I just did this and it worked…

mod=N%B;
div=N/B;
if(mod>0)
{
div++;
mod=B-mod;
N=B*div;
}
k=div/2;
e=(long)Math.ceil(div/2)*B;
if(N<=B)
System.out.println(0);
else
System.out.println((long)((N-e-mod)*k));


I never thought that it would require parabola or derivatives, I just took some examples, found out what common technique worked for them, and the solution worked.

#16

#17

#include<bits/stdc++.h>
#define ll long long
using namespace std;
int main()
{
int t;
cin>>t;
ll n,b;
while(t–)
{
cin>>n>>b;
ll val = n/b;
if(val%2==1)
val+=1;
ll mid = val/2;
ll answer = mid (n - (midb));
}
}

–possibly the simplest solutions you can get

#18

https://www.codechef.com/viewsolution/14459681

the simplest one thank me later.

#19

Too many of the solutions above have strange tests and conditionals. These are not really necessary, and the required effect can be handled in the division sum.

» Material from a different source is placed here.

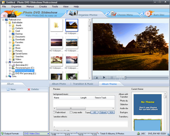 При помощи нескольких щелчков, программа создает потрясающие слайд-шоу фотографий с музыкальным сопровождением, CD или DVD меню, Pan&Zoom и эффектами перехода.

If x is the number of times button 2 is pressed, then the final score S is given by

S = x(N-Bx)

Using simple manipulation to complete-the-square gives

S = x(N-Bx) = Nx-Bx^2 = B \left(\frac N {2B}\right)^2 - B \left(\frac N {2B} - x\right) ^2

To maximize S, we make \left| \frac N {2B} -x \right| as small as possible. The number of button presses x has to be an integer, so we seek the nearest integer to \frac N {2B}. Using the integer arithmetic of C, we set

x = \left\lfloor\frac {N+B} {2B}\right\rfloor

.

Hence a solution:

#include <bits/stdc++.h>
using namespace std;
int main( int argc, char ** argv )
{
uint32_t T,N,B;
cin >> T;
while (T--) {
cin >> N >> B;
uint64_t x = (N+B)/(B+B);
cout << x*(N-x*B) << endl;
}
return 0;
}

#20

Hi! It seems you commented thrice the same thing by mistake! It would be good if you delete the unwanted stuff. It will help organize comments better!